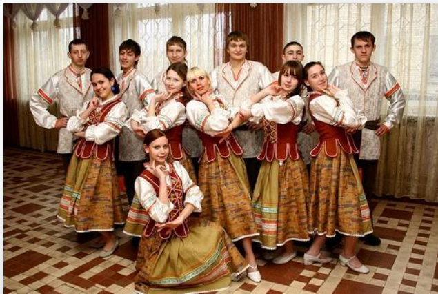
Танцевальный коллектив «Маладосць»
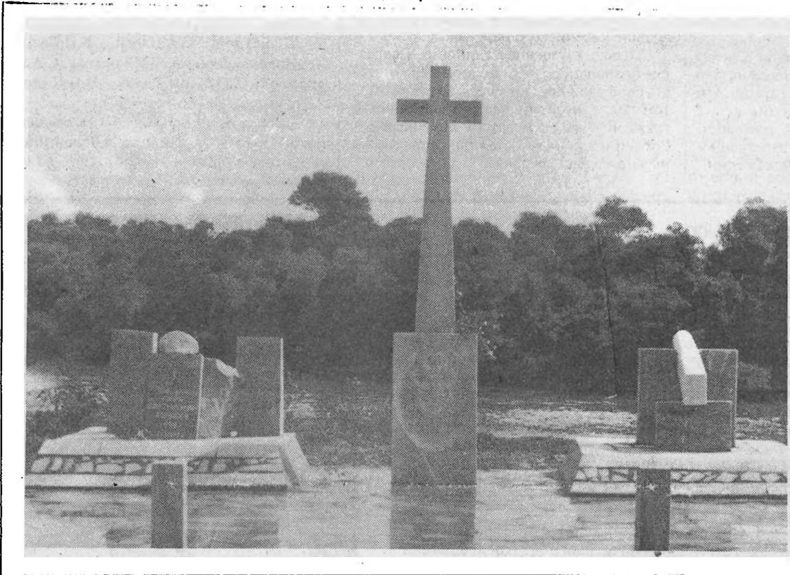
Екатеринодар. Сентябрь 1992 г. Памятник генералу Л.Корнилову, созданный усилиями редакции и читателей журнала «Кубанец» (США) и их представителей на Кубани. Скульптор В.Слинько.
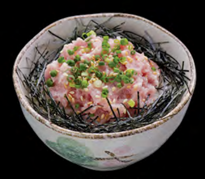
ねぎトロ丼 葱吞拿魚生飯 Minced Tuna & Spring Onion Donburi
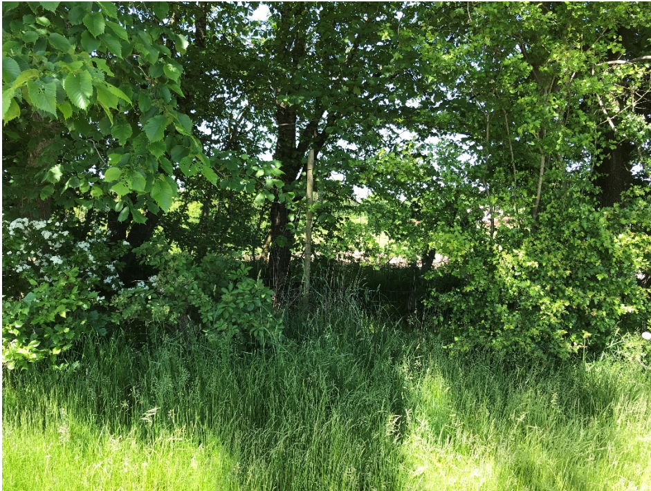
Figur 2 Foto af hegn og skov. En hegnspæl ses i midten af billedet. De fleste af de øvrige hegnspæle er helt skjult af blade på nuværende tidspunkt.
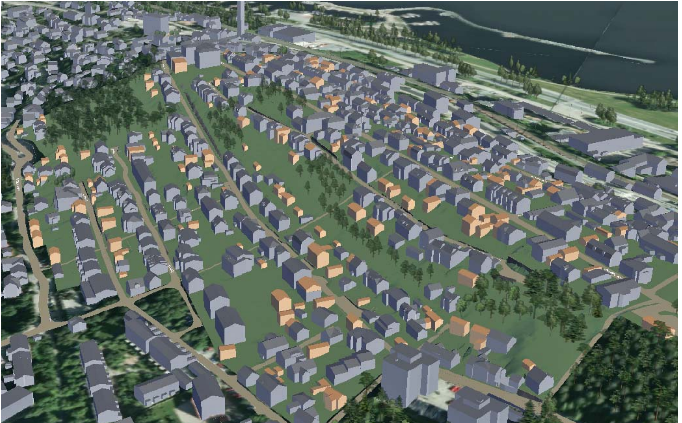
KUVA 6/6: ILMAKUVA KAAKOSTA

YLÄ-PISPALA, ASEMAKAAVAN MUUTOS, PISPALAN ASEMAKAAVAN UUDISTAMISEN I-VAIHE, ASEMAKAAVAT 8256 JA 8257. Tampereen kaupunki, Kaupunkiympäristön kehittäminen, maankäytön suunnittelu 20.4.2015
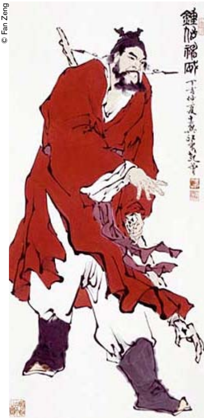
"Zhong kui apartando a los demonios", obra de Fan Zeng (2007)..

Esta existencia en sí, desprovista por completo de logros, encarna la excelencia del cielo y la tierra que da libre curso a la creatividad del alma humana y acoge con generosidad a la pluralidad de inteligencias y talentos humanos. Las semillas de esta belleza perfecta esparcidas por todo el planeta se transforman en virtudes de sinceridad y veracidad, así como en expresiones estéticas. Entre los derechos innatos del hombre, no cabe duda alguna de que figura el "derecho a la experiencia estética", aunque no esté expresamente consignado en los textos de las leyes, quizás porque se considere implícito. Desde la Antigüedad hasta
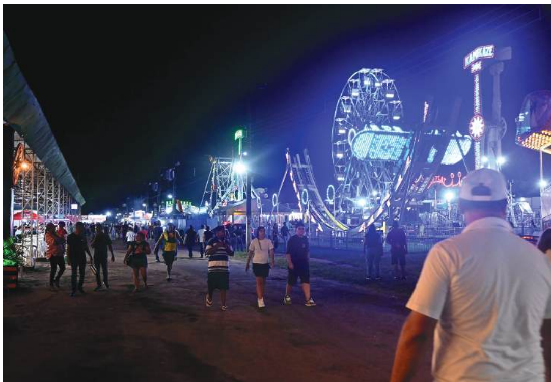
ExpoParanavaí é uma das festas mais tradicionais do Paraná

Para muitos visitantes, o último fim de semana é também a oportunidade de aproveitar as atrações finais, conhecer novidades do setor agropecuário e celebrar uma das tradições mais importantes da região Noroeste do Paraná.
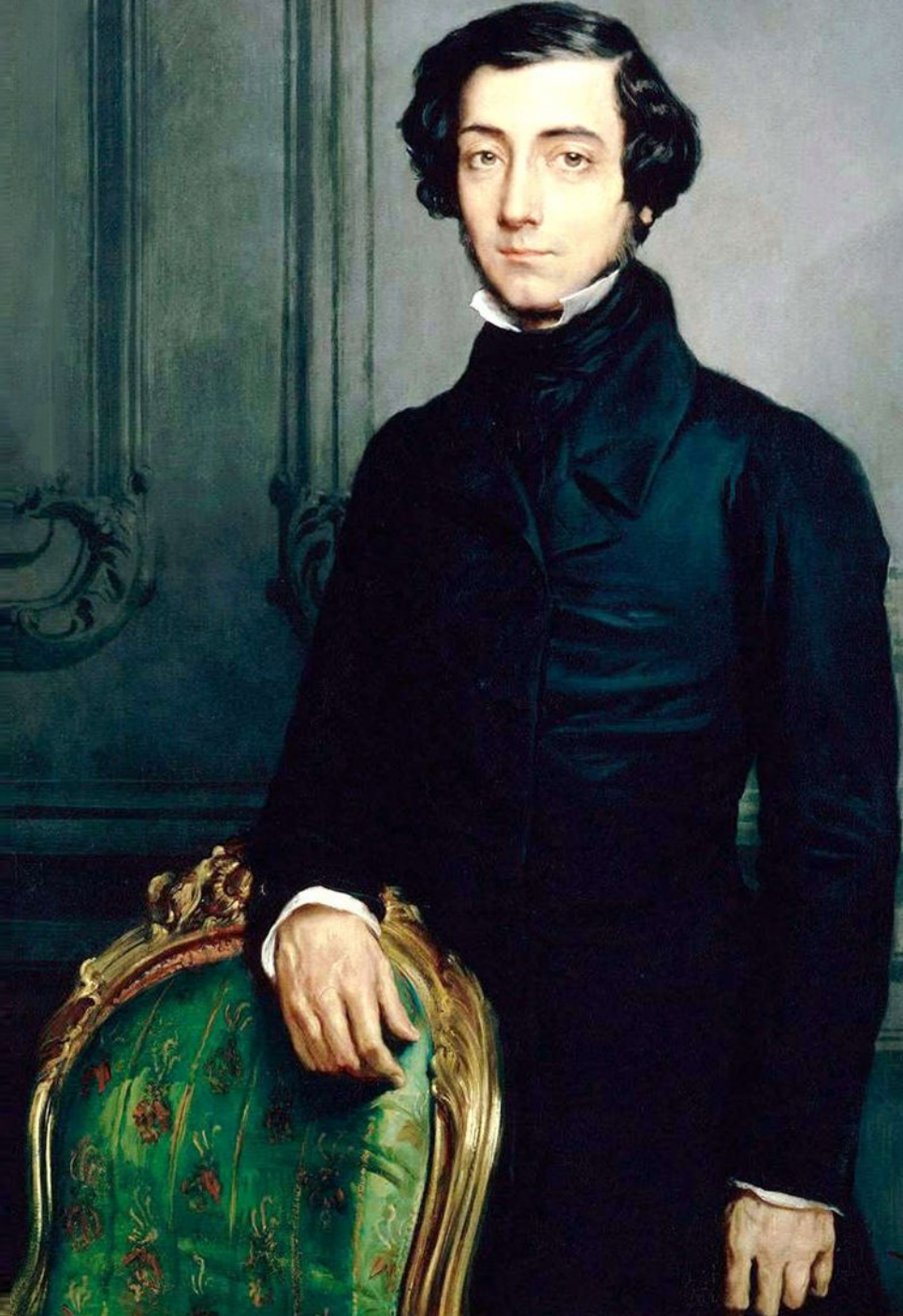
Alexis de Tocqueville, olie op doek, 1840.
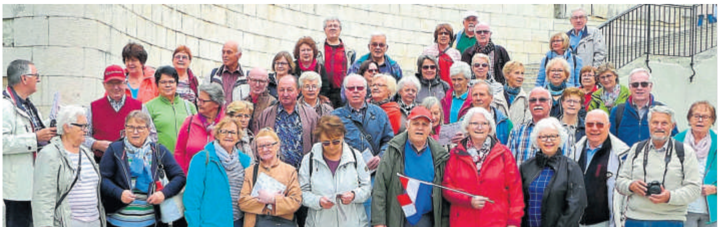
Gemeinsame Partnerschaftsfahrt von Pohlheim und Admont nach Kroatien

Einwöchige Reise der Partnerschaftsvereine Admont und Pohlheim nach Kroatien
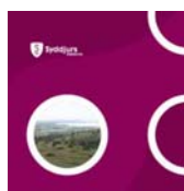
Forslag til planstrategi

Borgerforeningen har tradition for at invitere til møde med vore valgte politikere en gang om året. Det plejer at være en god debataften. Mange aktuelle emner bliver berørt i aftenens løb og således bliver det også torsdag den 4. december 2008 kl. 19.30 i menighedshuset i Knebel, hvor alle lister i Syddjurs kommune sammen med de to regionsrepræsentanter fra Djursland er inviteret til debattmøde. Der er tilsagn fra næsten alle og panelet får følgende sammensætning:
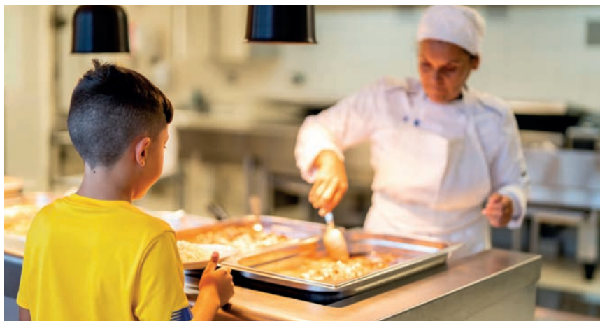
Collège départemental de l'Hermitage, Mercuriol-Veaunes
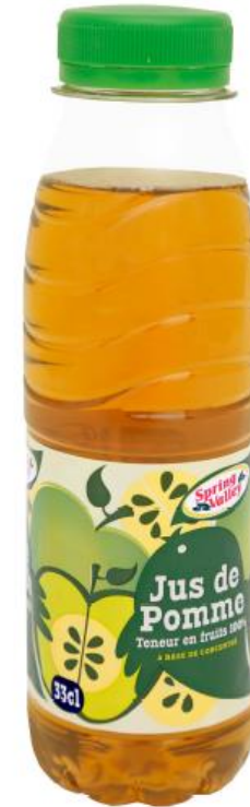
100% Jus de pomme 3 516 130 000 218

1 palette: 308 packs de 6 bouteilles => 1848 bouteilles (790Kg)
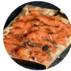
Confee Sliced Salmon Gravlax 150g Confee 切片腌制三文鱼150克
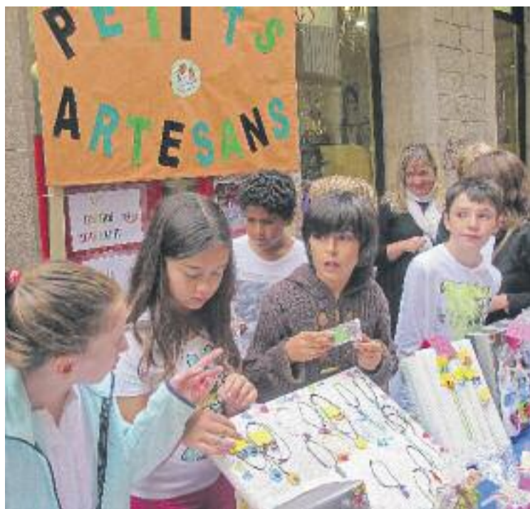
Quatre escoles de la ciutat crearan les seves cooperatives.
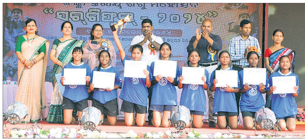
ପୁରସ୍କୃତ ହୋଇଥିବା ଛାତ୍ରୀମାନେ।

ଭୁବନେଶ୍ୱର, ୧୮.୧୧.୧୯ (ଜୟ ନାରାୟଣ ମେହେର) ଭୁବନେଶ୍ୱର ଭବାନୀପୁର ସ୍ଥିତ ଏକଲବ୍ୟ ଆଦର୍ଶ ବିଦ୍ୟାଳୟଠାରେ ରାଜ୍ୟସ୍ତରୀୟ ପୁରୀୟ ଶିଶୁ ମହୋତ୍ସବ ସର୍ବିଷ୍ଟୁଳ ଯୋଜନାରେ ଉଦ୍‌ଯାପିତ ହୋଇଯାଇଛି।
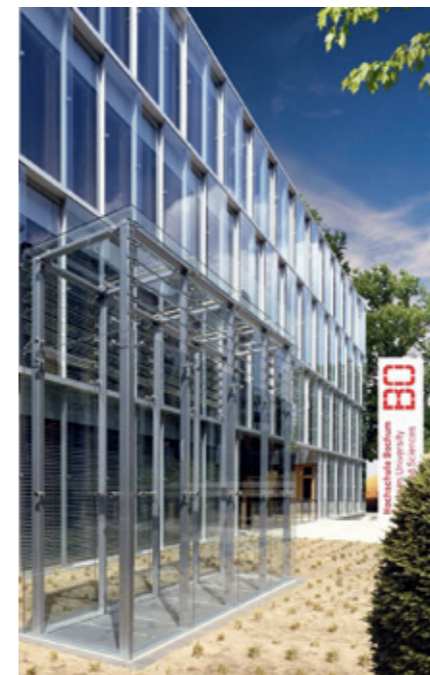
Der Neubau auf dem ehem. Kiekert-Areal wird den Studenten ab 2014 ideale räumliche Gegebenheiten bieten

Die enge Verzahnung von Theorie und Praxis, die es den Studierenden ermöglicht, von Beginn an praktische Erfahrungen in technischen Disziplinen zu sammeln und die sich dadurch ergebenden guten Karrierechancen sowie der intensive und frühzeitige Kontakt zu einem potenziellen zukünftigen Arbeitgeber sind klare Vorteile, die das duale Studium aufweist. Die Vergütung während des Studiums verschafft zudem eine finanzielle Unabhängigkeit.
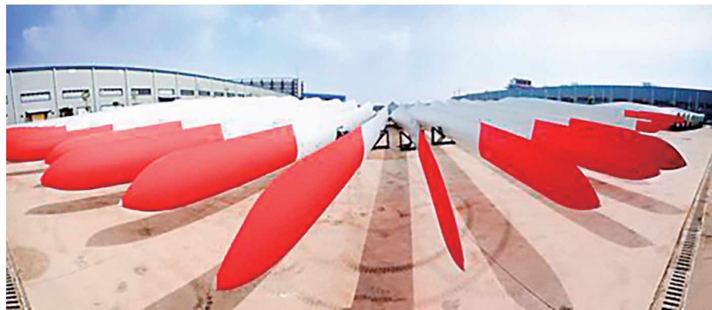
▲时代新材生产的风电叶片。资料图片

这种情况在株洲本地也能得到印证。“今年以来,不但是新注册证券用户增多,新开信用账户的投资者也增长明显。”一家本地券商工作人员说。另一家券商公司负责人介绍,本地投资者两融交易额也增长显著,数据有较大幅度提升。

◇ ◇ ◇ ◇ ◇ ◇ ◇

INSTRUCTIONS FOR THE TASK –
Could you find each line in the entries that contains the string "Admont" and copy it?

FINISHED EXERCISE –
Gemeinsame Partnerschaftsfahrt von Pohlheim und Admont nach Kroatien
Einwöchige Reise der Partnerschaftsvereine Admont und Pohlheim nach Kroatien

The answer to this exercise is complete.